2. A. Gotthelf, ‘ Historiae I: Plantarum et animalium‘, in W.W. Fortenbaugh and R.W. Sharples, eds., Theophrastean Studies. New Brunswick: Transaction, 1988 ( Rutgers University Studies in Classical Humanities, 3) 100-135.

3. genos is not to be understood here as a Linnaean genus contrasted with its subordinate species, any more than it is to be so understood elsewhere in Aristotle’s biology, as L. emphasises at 64.

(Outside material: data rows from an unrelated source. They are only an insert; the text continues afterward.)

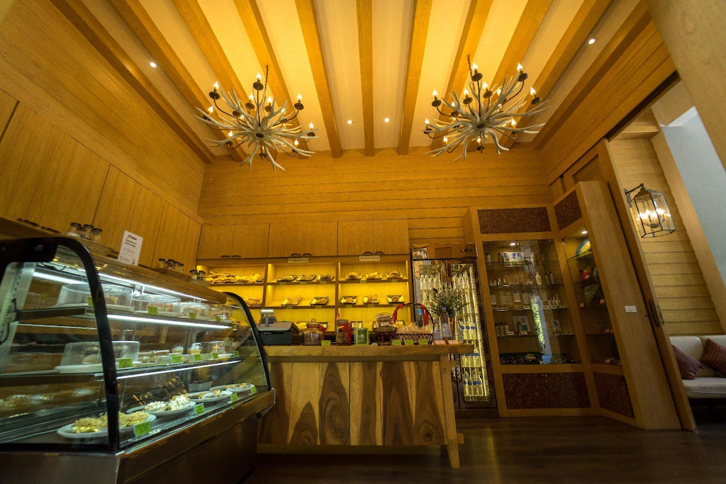 Guests can enjoy their dishes on the open-air terrace surrounded by nature, or relax in the elegant, air-conditioned indoor area.
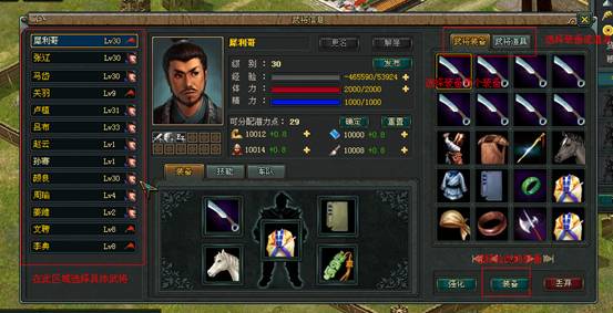 如何给武将装备道具?
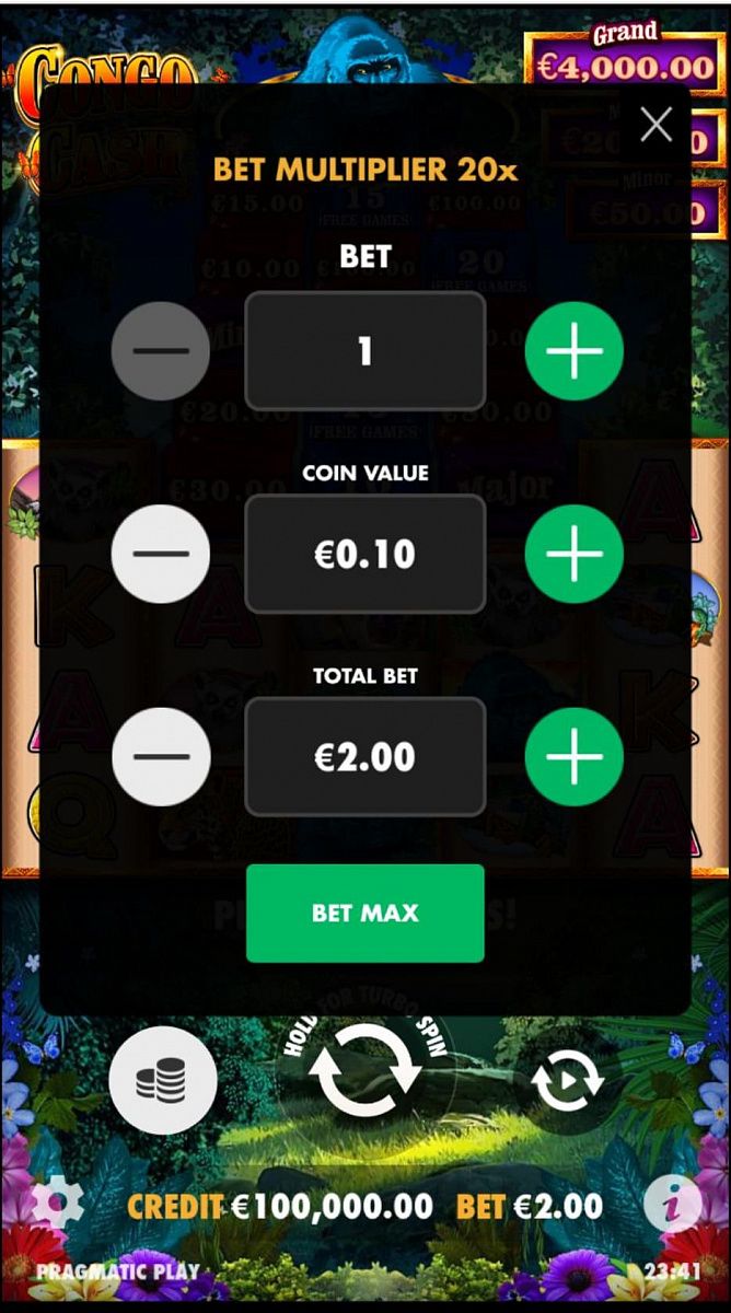 From low rollers to high rollers, Congo Cash offers a wide range of stake sizes to accommodate all types of players. Below is an overview of the betting options:
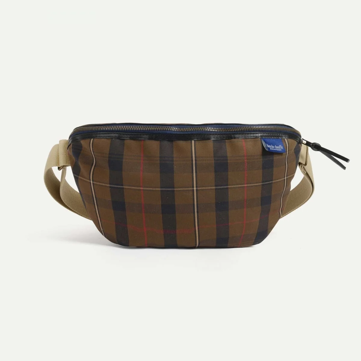 OVERSIZE BELT BAG The Beat XL belt bag features generous dimensions and optimised storage space. Its 6L capacity means you can carry everything you need without compromising on comfort or style. The full tartan version of the Beat fanny pack features an iconic canvas made by British Millerain, specialists in top-of-the-range technical fabrics. This timeless tartan, a symbol of character and elegance, stands out for its robustness and practicality. The vegetable-tanned leather finish adds a touch of elegance and robustness. Its vegetable-tanned leather inserts add a touch of authenticity and sophistication. Its wide, comfortable and sturdy strap makes it comfortable to carry all day long. Inside, a zipped pocket, carefully dated and signed by the craftsman who made the bag, secures your essentials. Dimensions : W 31 x H 21 x D 12 cm Like all Bleu de Chauffe products, the Beat XL fanny pack is made with passion by our leather craftsmen in France, guaranteeing exceptional quality and expertise. Made in France MATERIALS The full tartan version of the Beat XL belt bag gives pride of place to an emblematic canvas made by British Millerain. This carefully coated canvas is extremely resistant to water and wear, while retaining a softness that makes it ideal for everyday use. The heir to a rich Scottish tradition that is centuries-old, this British Millerain tartan canvas gives the Beat belt bag an air of authenticity. - Vegetable-tanned leather inserts - Adjustable strap - Zip fastening YKK zip - Removable inner cotton zip pocket, dated and signed by the craftsman who made the bag - Bleu De Chauffe label SIZE - Dimensions: W 31 x H 21 x D 12 cm - Volume: 6L Strap dimensions Adjustable length: 73 cm to 135 cm Strap drop length*: 30 cm to 62 cm Width: 4 cm *the drop length is the distance between the top of the bag and the top of the strap The shoulder strap is designed to offer great flexibility of use thanks to its adjustable length, allowing it to be worn over the shoulder or across the body, as you prefer. The 4 cm width ensures balanced weight distribution, guaranteeing maximum comfort even during prolonged use.
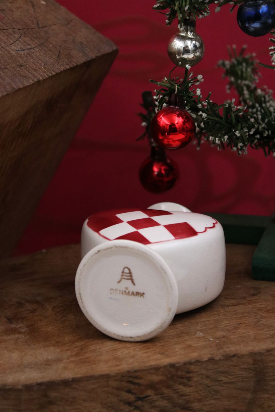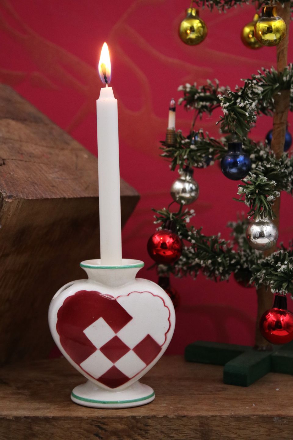 Old red Aluminia faience Christmas heart for small candle. H: 7.5cm.
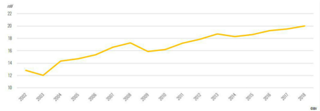 在過去的20年里,全球葡萄酒市場經歷了很大變化,其中起泡葡萄酒的市場發展尤為受關注。近年來,國際葡萄與葡萄酒組織(OIV)也一直在關注起泡葡萄酒市場并于近日發布了最新全球起泡葡萄酒市場報告(2002年-2018年)。
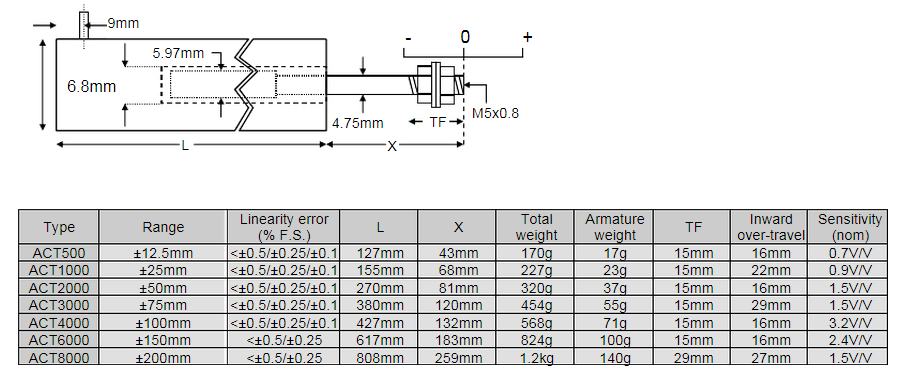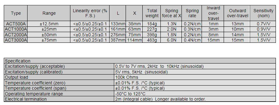 英國RDP GT5000RA位移傳感器系列位移傳感器所有量程如下:
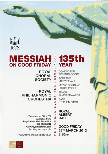 The Royal Choral Societys performance of Handels Messiah at the Royal Albert Hall forms an important part of Great Britains choral tradition. For 133 years, the RCS has given the Good Friday performance of the worlds favourite sacred work in Londons greatest concert venue. They continue this great tradition here at the Royal Albert Hall next Good Friday, 29 March 2013.
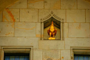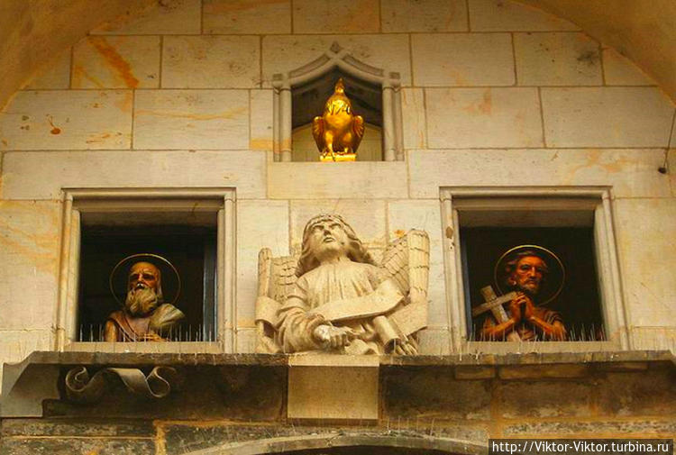 Под петухом находится Ангел — лучшая из возможных защит. Считается, что это самая первая статуя на часах.
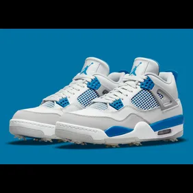 Fans of the Air Jordan 4 have been blessed over the years with some pretty incredible models. When the shoe was first introduced back in 1989, it came out in four colorways including "Fire Red," "Bred," "White Cement," and "Military Blue." While most sneakerheads have various favorites, the "Military Blue" model has always remained a consistent choice for fans. Now, it would appear as though golfers will be getting this model as well thanks to the Air Jordan 4 Golf "Military Golf" that is set to release soon.
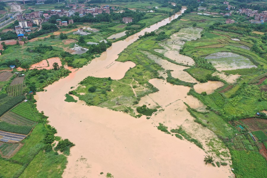這是7月4日拍攝的廣西南寧市那平江水位上漲情況(無人機(jī)照片)。
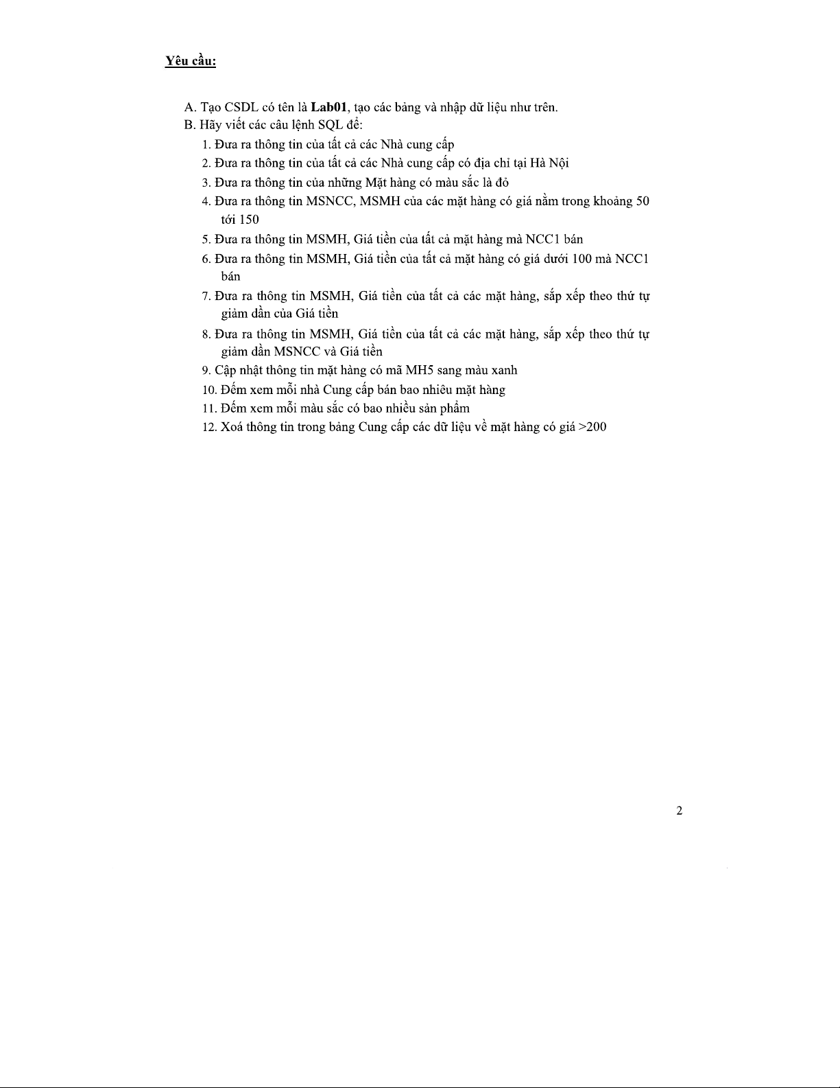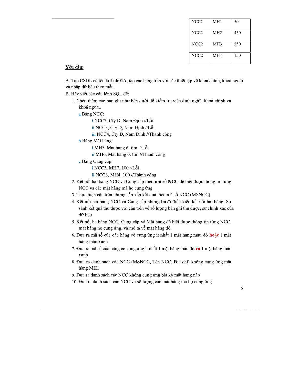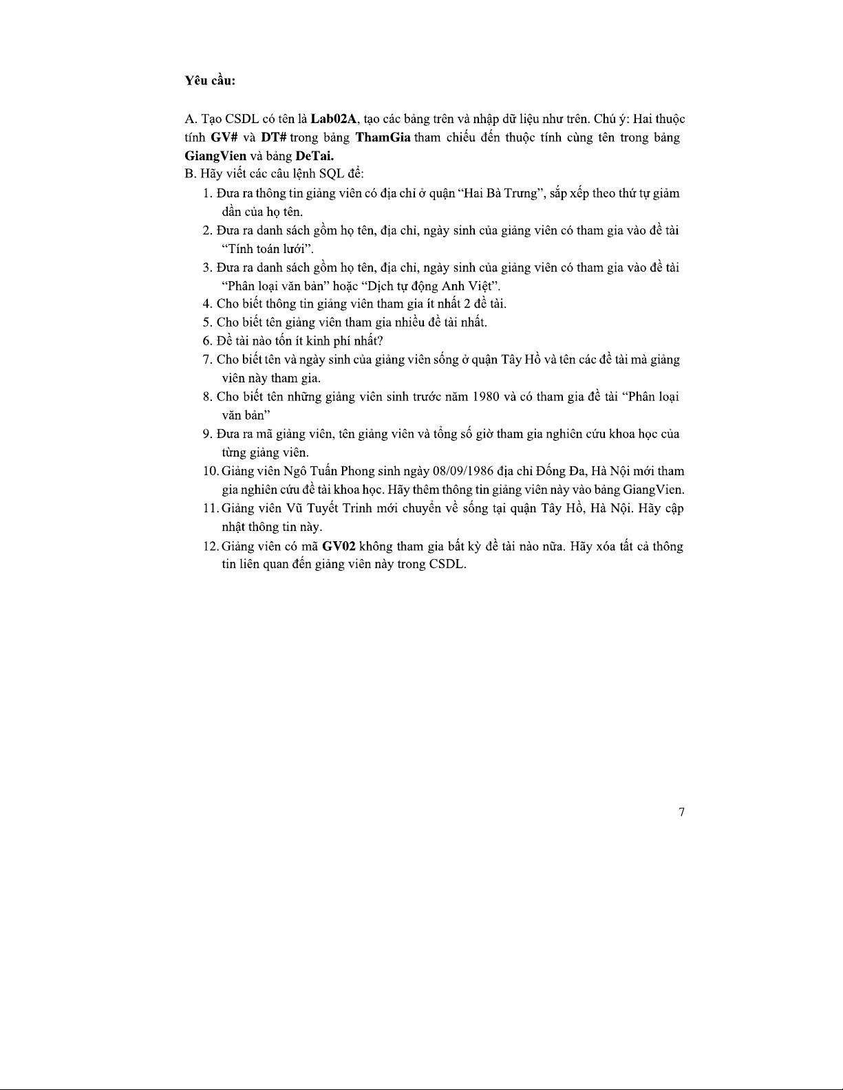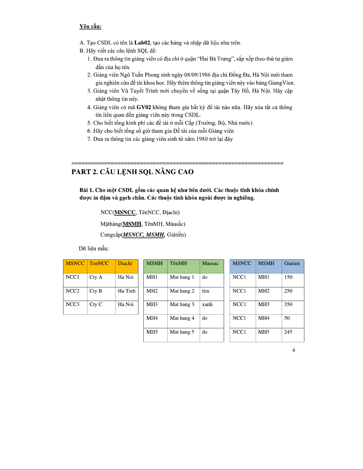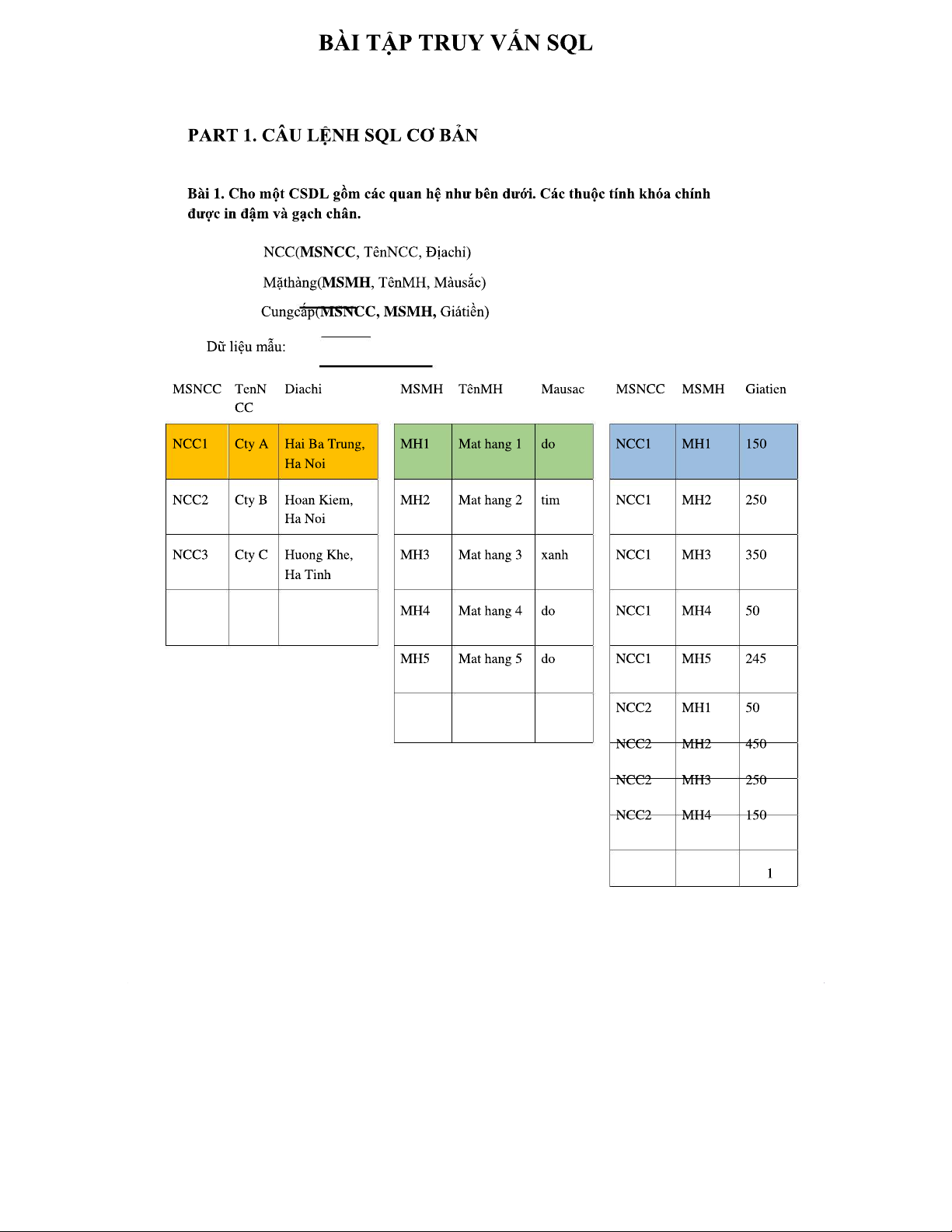 Bài Tập SQL 20211: Hướng Dẫn Câu Lệnh Cơ Bản và Nâng Cao
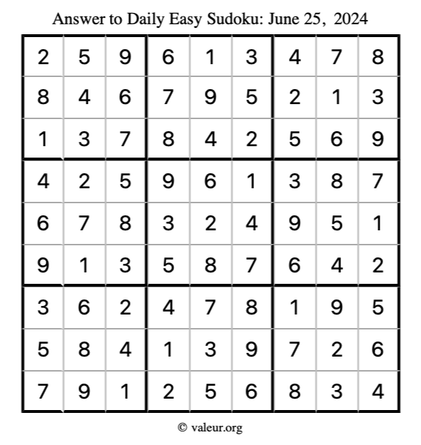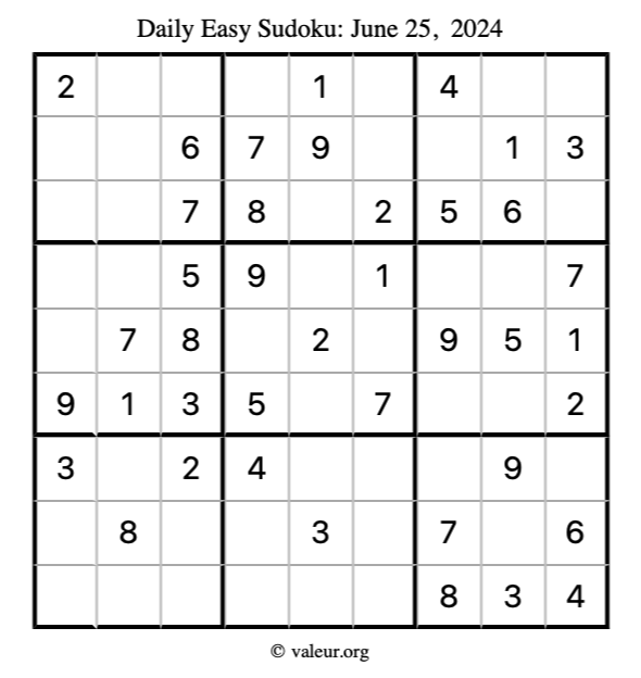 Here is the June 25, 2024 easy sudoku puzzle. You are welcome to print a copy to solve by hand. For your convenience, we have also included the solution further down the page so you can check your work.
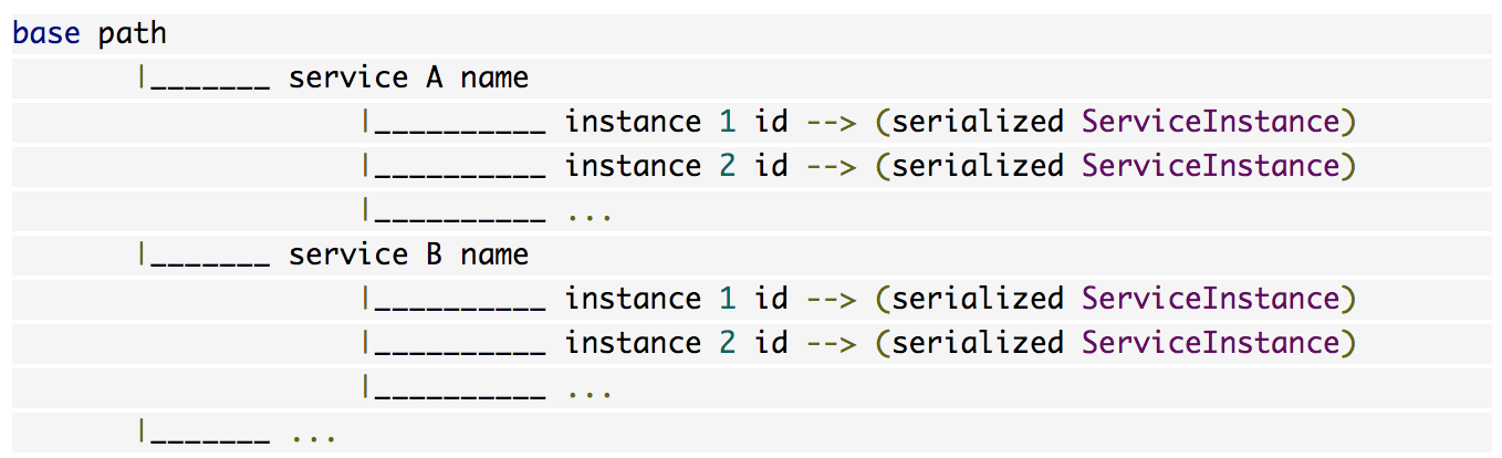 - ServiceInstance。 这是 curator-x-discovery 扩展包对服务实例的抽象,由 name、id、address、port 以及一个可选的 payload 属性构成。其存储在 ZooKeeper 中的方式如下图展示的这样。

4. One may however question L.’s claim (291-292) that necessity in the Timaeus is always subordinate to purpose; cf. the reference in 81bd to the weakness of the fundamental triangles. And while Republic 530a6 refers indeed to the divine craftsman who produced the heaven, it may be questioned whether any of the passages from Republic 10 cited at 300 n.28 have the same reference; they refer either to a supposed divine producer of the Forms (597bc) or to the imitative artist (596ce; tonde in 596b12 refers forward to 596c2, not back to 596b9-10).

5. L. refers in this connection to his paper ‘Darwin was a teleologist’, in Biology and Philosophy 8 (1993) 409-422; perhaps it would have stretched the scope of the present book too far (and at least necessitated a change in title), but one might wish, especially since the book appears in a series Cambridge Studies in Philosophy and Biology, that this and some of the other papers by L. cited in the bibliography had also been included. Significantly, L. suggests that Theophrastus’ criticisms of Aristotle may have relevance to the dangers of circularity in present-day evolutionary explanations (260, 272, 275)—while also noting that “some of Aristotle’s” (ancient) “admirers, like some of Darwin’s, had a tendency to throw the teleological baby out with the panglossian bathwater.”

6. I also noted a very few misprints. At 124 n.10 “Matlock 1967” should presumably be “Mattock 1987”. In 221 n.9 “caveates” should be “caveats”. At p.286, 9 lines up, “feature” should be “features”.